***** Exercise inputs *****
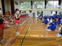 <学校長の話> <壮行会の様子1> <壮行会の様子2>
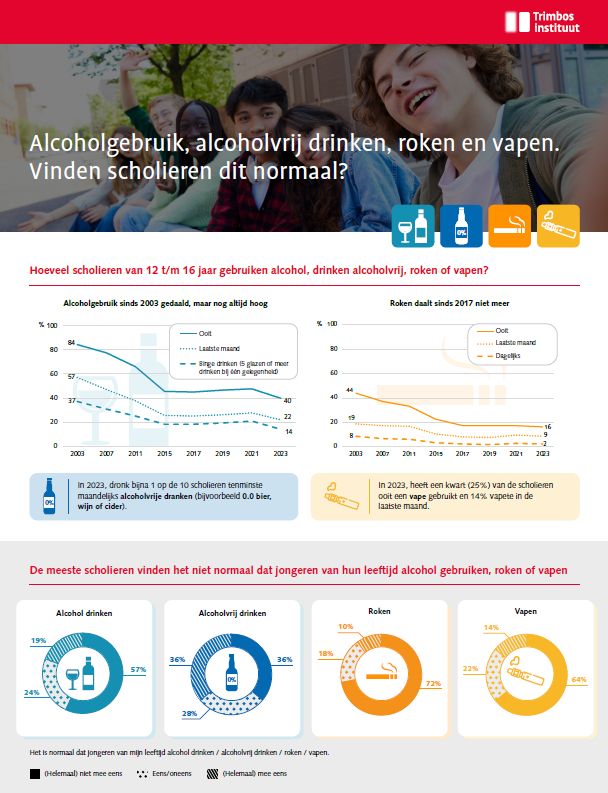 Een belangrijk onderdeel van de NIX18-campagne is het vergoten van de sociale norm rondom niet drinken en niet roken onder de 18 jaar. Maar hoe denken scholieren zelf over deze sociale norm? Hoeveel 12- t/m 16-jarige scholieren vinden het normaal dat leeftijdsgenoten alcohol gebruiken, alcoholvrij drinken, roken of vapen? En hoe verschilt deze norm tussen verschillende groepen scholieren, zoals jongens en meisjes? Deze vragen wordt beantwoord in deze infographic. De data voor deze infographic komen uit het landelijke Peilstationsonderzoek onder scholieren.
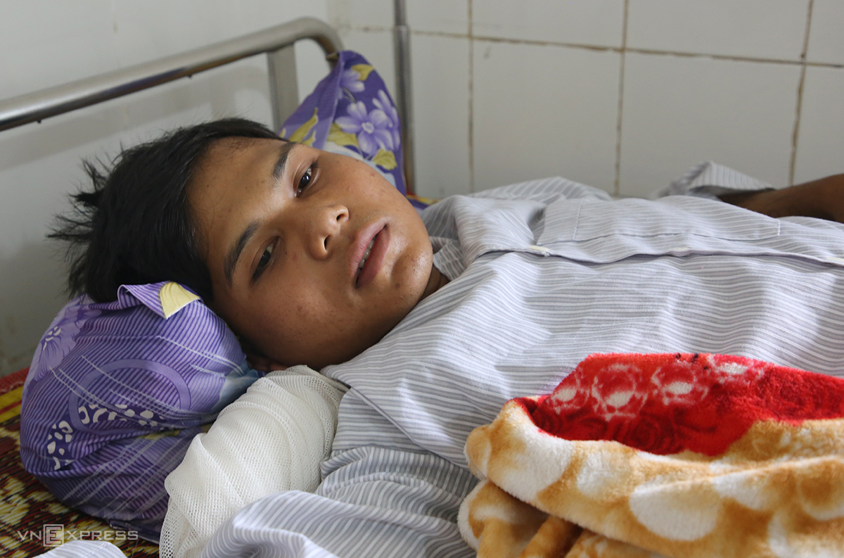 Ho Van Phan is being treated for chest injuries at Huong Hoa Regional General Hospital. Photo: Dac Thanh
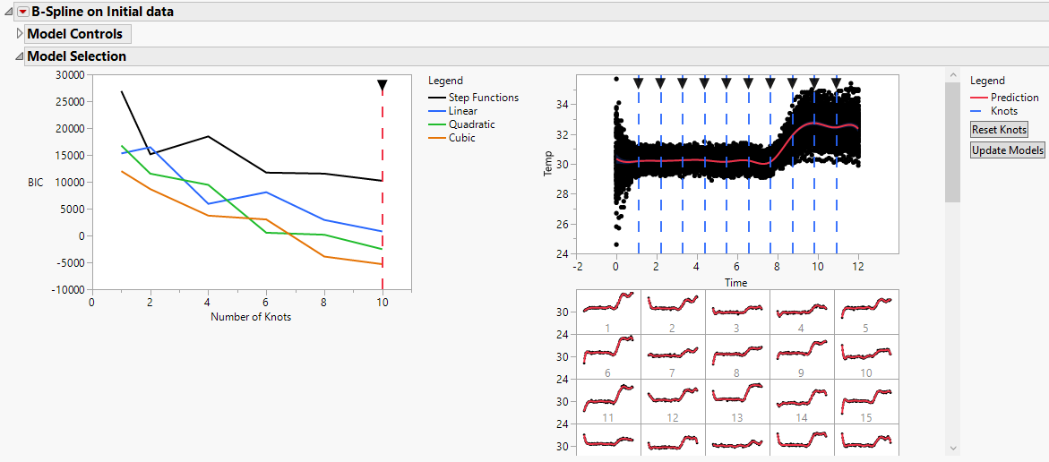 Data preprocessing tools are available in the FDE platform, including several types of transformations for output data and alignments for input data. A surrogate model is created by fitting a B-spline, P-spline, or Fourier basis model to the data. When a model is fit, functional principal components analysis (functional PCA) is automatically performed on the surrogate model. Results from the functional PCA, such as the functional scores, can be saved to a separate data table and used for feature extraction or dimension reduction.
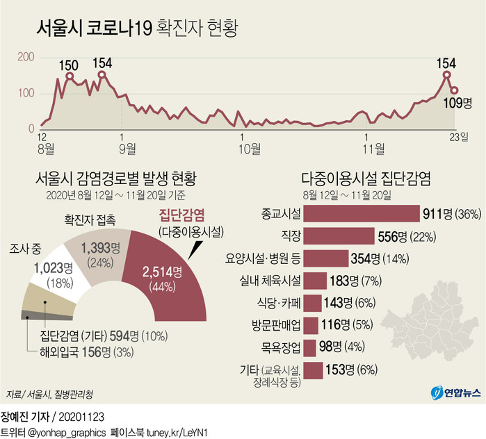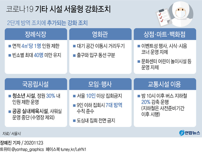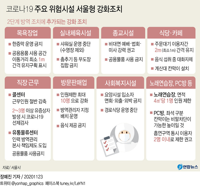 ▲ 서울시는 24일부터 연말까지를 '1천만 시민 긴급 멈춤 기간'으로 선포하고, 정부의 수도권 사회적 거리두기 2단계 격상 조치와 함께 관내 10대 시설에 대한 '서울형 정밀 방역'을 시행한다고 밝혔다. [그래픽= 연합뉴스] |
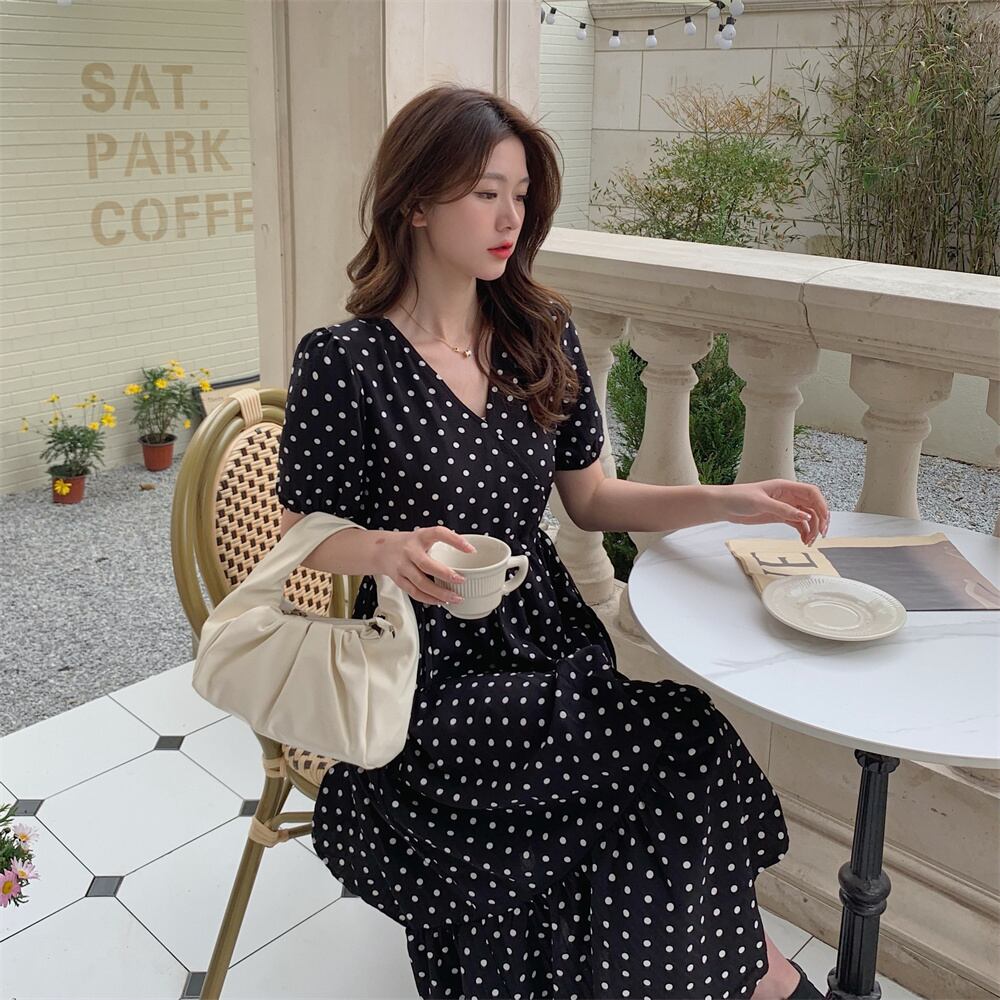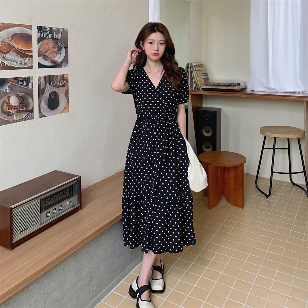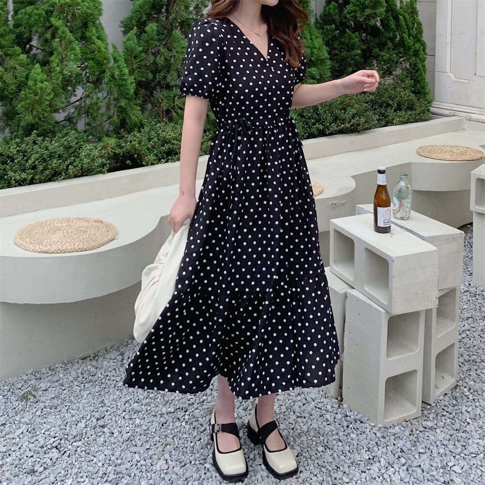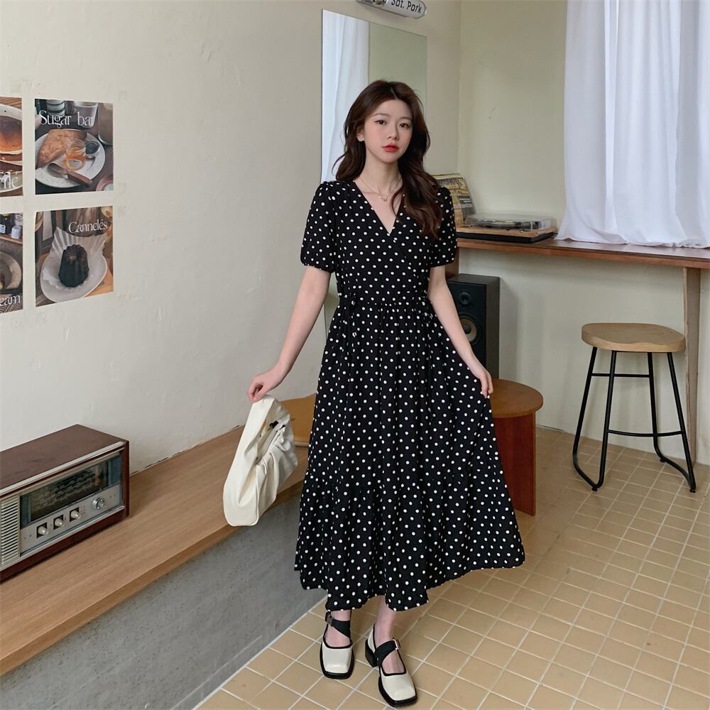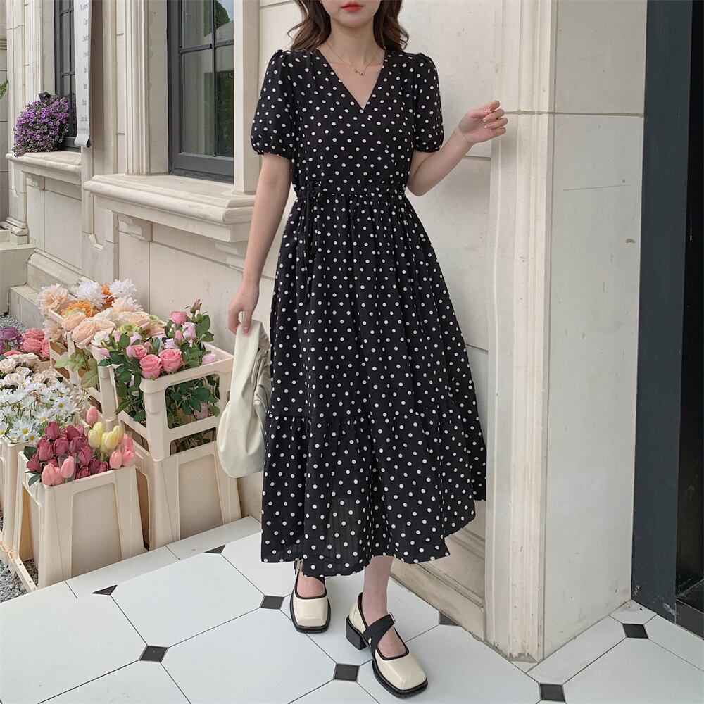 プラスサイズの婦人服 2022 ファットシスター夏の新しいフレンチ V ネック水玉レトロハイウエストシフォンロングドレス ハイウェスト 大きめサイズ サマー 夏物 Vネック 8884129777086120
*****
When you copy the entries above, reproduce each line exactly and leave out any pictures.

 <学校長の話> <壮行会の様子1> <壮行会の様子2>
 Een belangrijk onderdeel van de NIX18-campagne is het vergoten van de sociale norm rondom niet drinken en niet roken onder de 18 jaar. Maar hoe denken scholieren zelf over deze sociale norm? Hoeveel 12- t/m 16-jarige scholieren vinden het normaal dat leeftijdsgenoten alcohol gebruiken, alcoholvrij drinken, roken of vapen? En hoe verschilt deze norm tussen verschillende groepen scholieren, zoals jongens en meisjes? Deze vragen wordt beantwoord in deze infographic. De data voor deze infographic komen uit het landelijke Peilstationsonderzoek onder scholieren.
 Ho Van Phan is being treated for chest injuries at Huong Hoa Regional General Hospital. Photo: Dac Thanh
 Data preprocessing tools are available in the FDE platform, including several types of transformations for output data and alignments for input data. A surrogate model is created by fitting a B-spline, P-spline, or Fourier basis model to the data. When a model is fit, functional principal components analysis (functional PCA) is automatically performed on the surrogate model. Results from the functional PCA, such as the functional scores, can be saved to a separate data table and used for feature extraction or dimension reduction.
 ▲ 서울시는 24일부터 연말까지를 '1천만 시민 긴급 멈춤 기간'으로 선포하고, 정부의 수도권 사회적 거리두기 2단계 격상 조치와 함께 관내 10대 시설에 대한 '서울형 정밀 방역'을 시행한다고 밝혔다. [그래픽= 연합뉴스] |
 プラスサイズの婦人服 2022 ファットシスター夏の新しいフレンチ V ネック水玉レトロハイウエストシフォンロングドレス ハイウェスト 大きめサイズ サマー 夏物 Vネック 8884129777086120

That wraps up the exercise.